Kevin - if you're not planning on doing the stairs in hardwood, then you're right, it doesn't matter. It would just seem a bit strange to me to have a hardwood floor, leading to carpeted stairs, which lead to another hardwood floor.
Since some messages were lost due to the hacker, I'll repost the link to installing hardwood on stairs -
http://www.hardwoodinstaller.com/hardwoodinstaller/stairs.htm. These instructions (install riser on top of new tread, and then stairnose/tread on top of new riser), you'll get good, clean stairs. Trying to do it the opposite (down the stairs), seems like it would be a lot more difficult to get tight seams.
I think that if you really wanted to start at the top floor, if you had a scrap piece of stairnose (maybe put down with a couple small nails so it's easy to pull up) then you could use temporarily to fit the boards that butt up to the stairnose (don't forget to account for the width of the new riser that's going on).
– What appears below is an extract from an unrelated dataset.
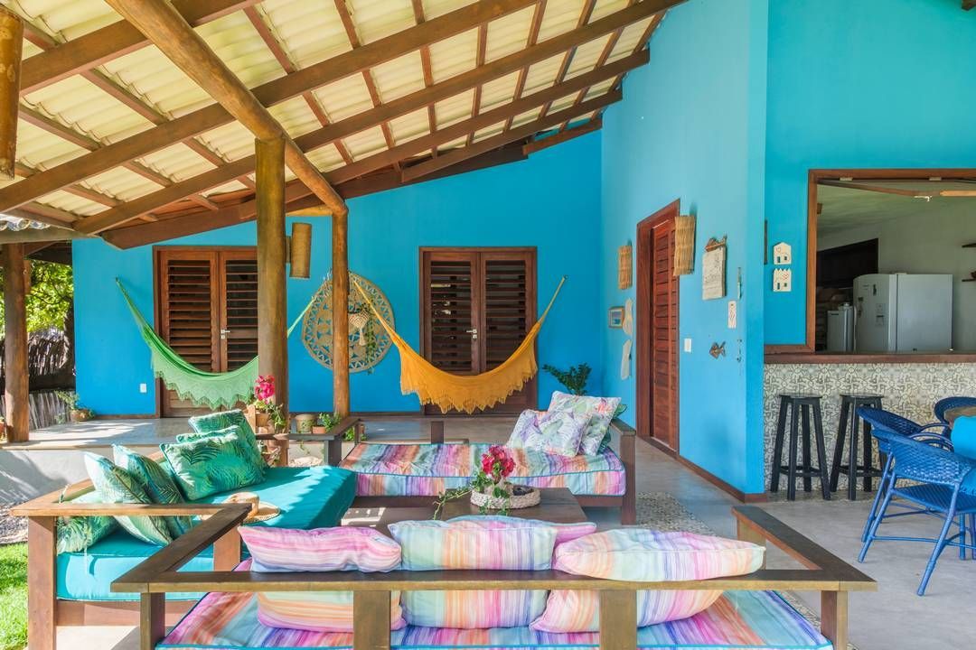 Há uma varanda com redes onde o vento balança o ano todo, e uma cozinha (toda equipada) que é o sonho de qualquer cozinheiro, pois fica de frente pro mar e se integra com quem está na varanda.

Then lay your floor up to the scrap stairnose (or starting from the stairnose, depending upon your orientation), and then when you finally install the stairs, you could put in the real stairnose piece.
I suppose you could also pre-fit the stairnose, and then mark the floor, and butt the floor up to the line, but I don't think you'll get as tight a fit as having the actual stairnose there.